Segment Start: The data

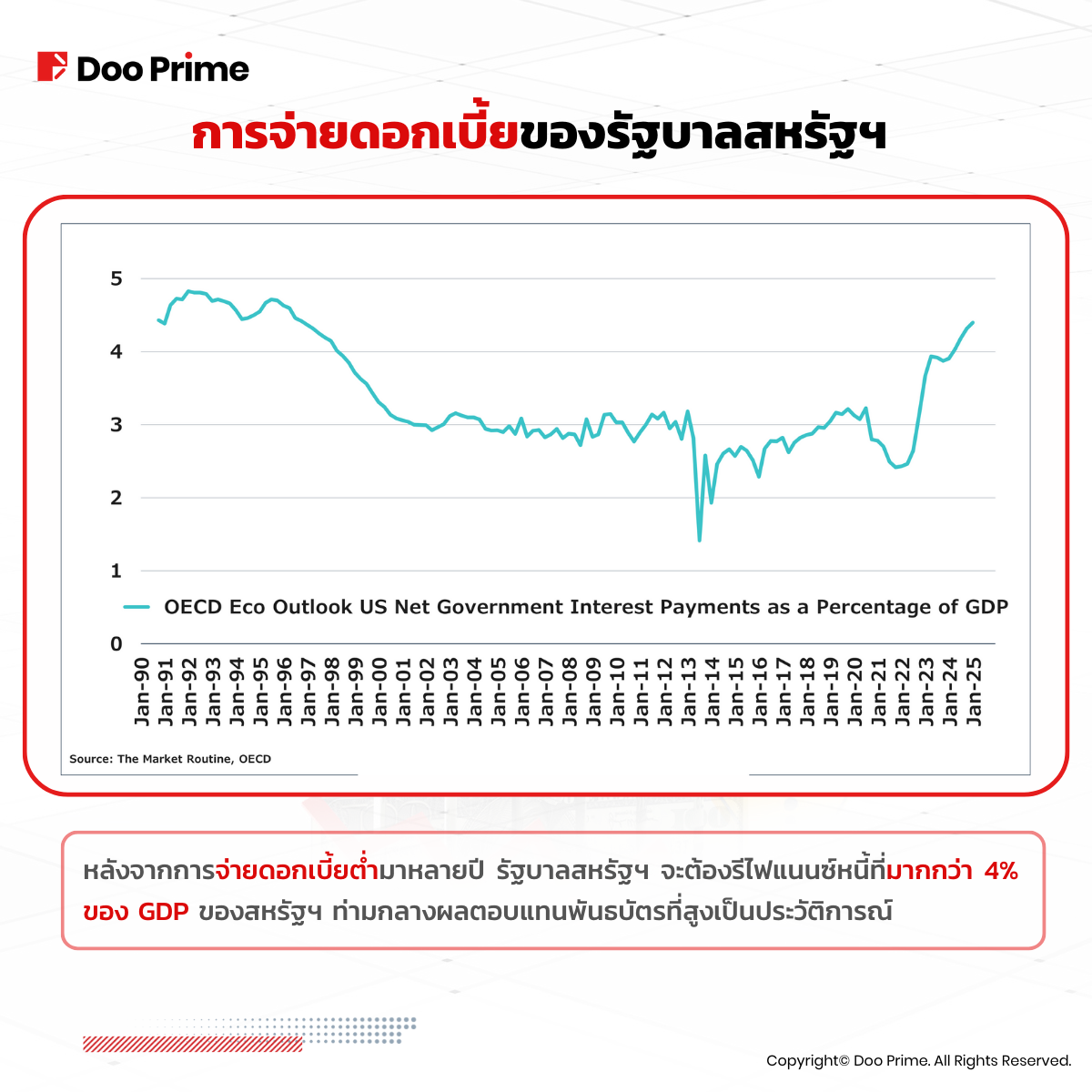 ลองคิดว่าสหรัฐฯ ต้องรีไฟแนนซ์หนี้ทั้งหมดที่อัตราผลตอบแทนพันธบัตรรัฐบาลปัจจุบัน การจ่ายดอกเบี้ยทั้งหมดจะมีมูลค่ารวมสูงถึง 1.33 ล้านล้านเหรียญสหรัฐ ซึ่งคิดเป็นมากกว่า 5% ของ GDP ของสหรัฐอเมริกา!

Segment End: The data
Segment Start: The data

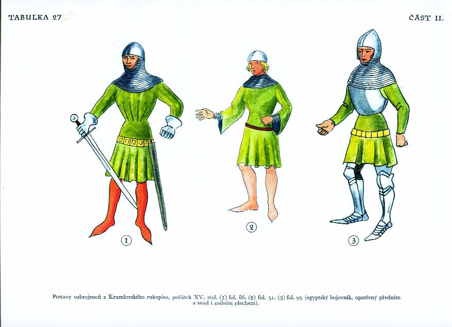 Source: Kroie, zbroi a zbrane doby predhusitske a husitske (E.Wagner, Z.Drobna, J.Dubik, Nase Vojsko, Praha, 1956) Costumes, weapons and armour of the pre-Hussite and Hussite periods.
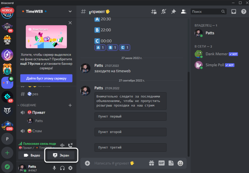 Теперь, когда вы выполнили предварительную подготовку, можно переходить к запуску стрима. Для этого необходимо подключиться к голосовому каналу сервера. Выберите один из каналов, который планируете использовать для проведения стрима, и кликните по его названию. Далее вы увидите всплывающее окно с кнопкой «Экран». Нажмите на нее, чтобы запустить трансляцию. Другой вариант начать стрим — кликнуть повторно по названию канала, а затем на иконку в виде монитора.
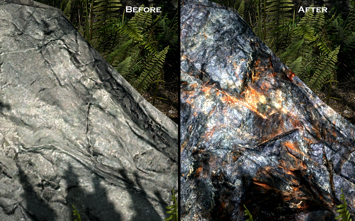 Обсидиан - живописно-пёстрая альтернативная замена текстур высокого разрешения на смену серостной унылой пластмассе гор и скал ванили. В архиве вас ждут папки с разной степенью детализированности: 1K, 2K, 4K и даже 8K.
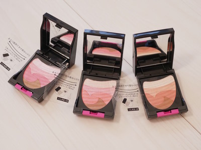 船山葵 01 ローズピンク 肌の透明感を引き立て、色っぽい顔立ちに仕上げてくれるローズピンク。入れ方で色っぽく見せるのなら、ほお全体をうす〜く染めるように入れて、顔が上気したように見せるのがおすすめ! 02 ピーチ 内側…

Segment End: The data

- [Work instructions]:
In the listing above, the required lines run from the line with "Теперь, когда вы" through the line with "船山葵 01 ローズピンク". Output exactly those lines, omitting pictures.

- [Exercise output]:
 Теперь, когда вы выполнили предварительную подготовку, можно переходить к запуску стрима. Для этого необходимо подключиться к голосовому каналу сервера. Выберите один из каналов, который планируете использовать для проведения стрима, и кликните по его названию. Далее вы увидите всплывающее окно с кнопкой «Экран». Нажмите на нее, чтобы запустить трансляцию. Другой вариант начать стрим — кликнуть повторно по названию канала, а затем на иконку в виде монитора.
 Обсидиан - живописно-пёстрая альтернативная замена текстур высокого разрешения на смену серостной унылой пластмассе гор и скал ванили. В архиве вас ждут папки с разной степенью детализированности: 1K, 2K, 4K и даже 8K.
 船山葵 01 ローズピンク 肌の透明感を引き立て、色っぽい顔立ちに仕上げてくれるローズピンク。入れ方で色っぽく見せるのなら、ほお全体をうす〜く染めるように入れて、顔が上気したように見せるのがおすすめ! 02 ピーチ 内側…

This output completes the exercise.